Two Suspended Paris Airport Workers Win Back Security Clearance

A hearing is scheduled for Friday for eight, but two other have now won their badges back and can return to work.

Two suspended workers at the main Paris airport have won their jobs back after being swept up in a dragnet aimed at protecting the airport from Islamic terrorism, a lawyer said Wednesday.

Regional authorities have stripped 72 workers at Roissy-Charles de Gaulle Airport of security badges and jobs over the past 18 months for security reasons. The workers were primarily Muslim.

Several insist on their innocence and say they are targets of discrimination, and 11 are taking their case to court.

A hearing is scheduled for Friday for eight of them - but two have now won their badges back and can return to work, lawyer Georges Holleaux said Wednesday.

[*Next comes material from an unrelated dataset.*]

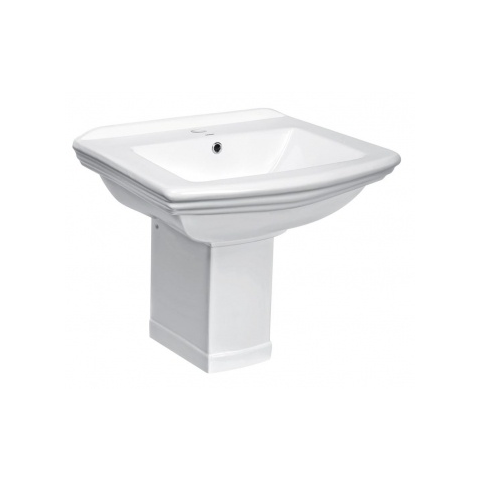 Kleopatra 14 kerámia mosdó féltalapzattal Műszaki adatok: Méretek: magassága 57 cm szélessége 60 cm mélysége 47 cm a készlet túlfolyó sapkát tartalmaz fehér szín forma: téglalap alakú összeszerelő készlet

The six others are still expected to push their case at the court hearings in Cergy-Pontoise northwest of Paris on Friday. They want the court to retract the suspensions, which were ordered by authorities of the Seine-Saint-Denis region, where the airport is located.

Also Friday, a judge in another court, in suburban Bobigny, is to rule on demands by the workers' lawyers for copies of documents used to justify their suspensions.

Authorities insist on the need to minimize risk at Charles de Gaulle, where some 90,000 people are employed. Security officials have said a majority of those whose badges were rescinded were linked to Islamist circles.